Marking New Territory
Sometimes in therapy things come into focus, and we know we’ve made a comprehensive leap in our understanding. This could be in relationship to a parent, work, a partner, and, certainly, with ourselves.
In indigenous cultures, rights of passage, especially for men, were often marked by a wound, examples would be a tooth being knocked out or a circumcision. In Western Culture, we don’t have these collective experiences as much. And, even when we do seek them out, they can seem contrived and inauthentic. I’ve been on 4 Wilderness Quests, but I can’t really say any of them achieved what I was looking for, and that’s not a knock. They helped, and the first one, especially, was powerful, and initiated some changes. But my experience of IFS therapy is that the changes are deeply impactful and affect all areas of life, especially relationships. They are tangible.
I think what’s really going on is that a long-standing trauma response or trauma pattern gets resolved. Often these traumas happen in early or mid-childhood and/or teen years, and, when one maps out the effects on one’s life, from, say 11 years old, the consequences of decisions made at that age based on a trauma are enormous. Something that happens at 8 can affect someone’s entire life path, and entire pattern of coping, and at 3 or 4 years of age, even more.
That’s why I believe this work is so important, and I will continue doing it for as long as I can. Resolving these early traumas positively affects codependent patterning, compulsive and addictive behaviors, the ability to feel habitually repressed feelings, and the ability to communicate needs and wants clearly and with authenticity. There is no price tag for these kinds of changes!

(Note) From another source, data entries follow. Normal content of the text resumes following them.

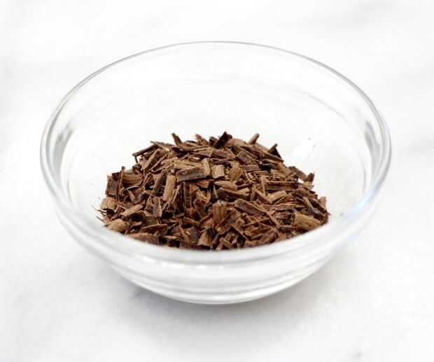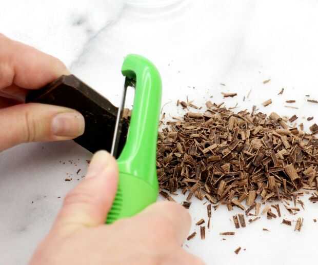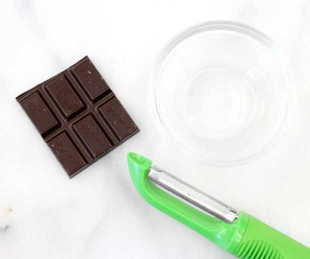 Mientras que la segunda mitad es Chillin ', utilice un pelador para hacer virutas de chocolate y las restantes algunas onzas de chocolate.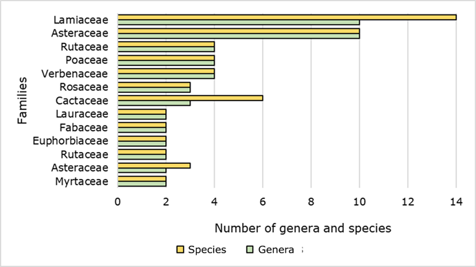 A total of 253 plant species mentioned by the informants were recorded, included in 75 families and 194 genera. Figure 2 illustrates the families with the largest number of genera and species with ethnobotanical use. Of these, 47 % were native, and the remaining 53 % were exotic.
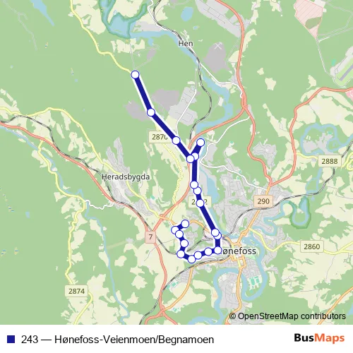 The first stop of the 243 bus route is Veien skole and the last stop is Gythemoen. 243 (Hønefoss-Veienmoen/Begnamoen) is operational during on weekdays.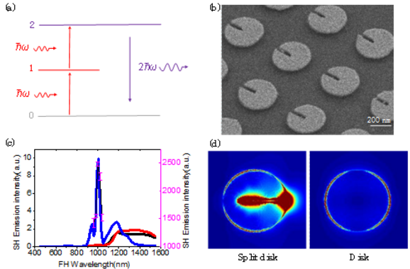 (a)二次谐波示意图(b)Splitdisk样品图片(c)splitdisk在不同偏振方向下激发的二次谐波的强度(蓝色线,偏振方向垂直于间隙;红色线,偏振方向平行于间隙)与激发波长的关系以及与完整圆盘(黑色线)的对比,(d)二次谐波产生波段近场增强示意图。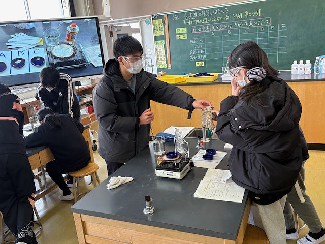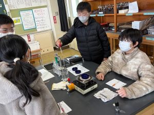 大雪予報でしたが、そこまでの積雪はなく一安心です。職員は朝早くから雪どけをし、子どもたちの登校を待ちました。さて、6年生では保護メガネをつけて理科の実験をしていました。食塩水、重曹水、アンモニア水、塩酸、炭酸水。見ただけでは何かわからない水溶液をいろいろな方法で調べていました。答えはわかったかな? 実験をする姿は、なかなかさまになっています。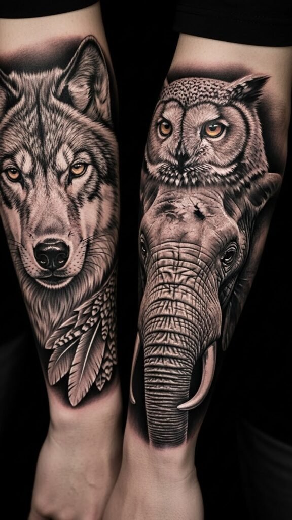Ideal placements are forearm for visibility and interaction, chest for personal significance and larger scale, or shoulder blade for a balance of concealment and display; placement influences how the portrait reads with movement and body contours, reinforcing the wearer’s connection to the animal’s symbolism.

I have a client who has worked a ton on owning his own voice within his relationships and, especially, with his parents. He recently was able to communicate clearly and with power, directly with his father, his experience of their relationship and the ways in which his father has come up short. It wasn’t judgmental or anger driven, just factual and with heartfelt power. He told me that he was very clear that he was protecting his own son from his father’s inability to show up consistently and in a healthy way. He was very clear that his intention was to claim his voice in that relationship and be heard. And he was. He was also very clear that he didn’t need his father to change, that he would act according to his own truth and awareness of himself and his body, and his father could either show up in loving ways or he would remain on the periphery of his and his family’s life. Powerful. I wanted to reach across the zoom world and knock out one of his teeth:)
It can be really helpful to mark a moment like this. I asked this man if there was some way he could mark it for himself, and he’s thinking about that. There are many options like buying a piece of jewelry, going out into nature and performing a ritual, getting a tattoo, writing your account of the experience and how it made you feel, changing your home environment in some way with a piece of art or rearranging a room, or playing with an element like fire or water. These are just some of the things that you can do to mark and deepen change.
As a therapist, I find that as I continue to do my work. And it is work. My clients deepen with me. A therapist really needs to have traversed territory within themselves in order to help others. My commitment to myself and to my clients is to continue to do the deep soul work that reverberates throughout my practice and my life, so that I can be a guide for others. And IFS is a big part of that.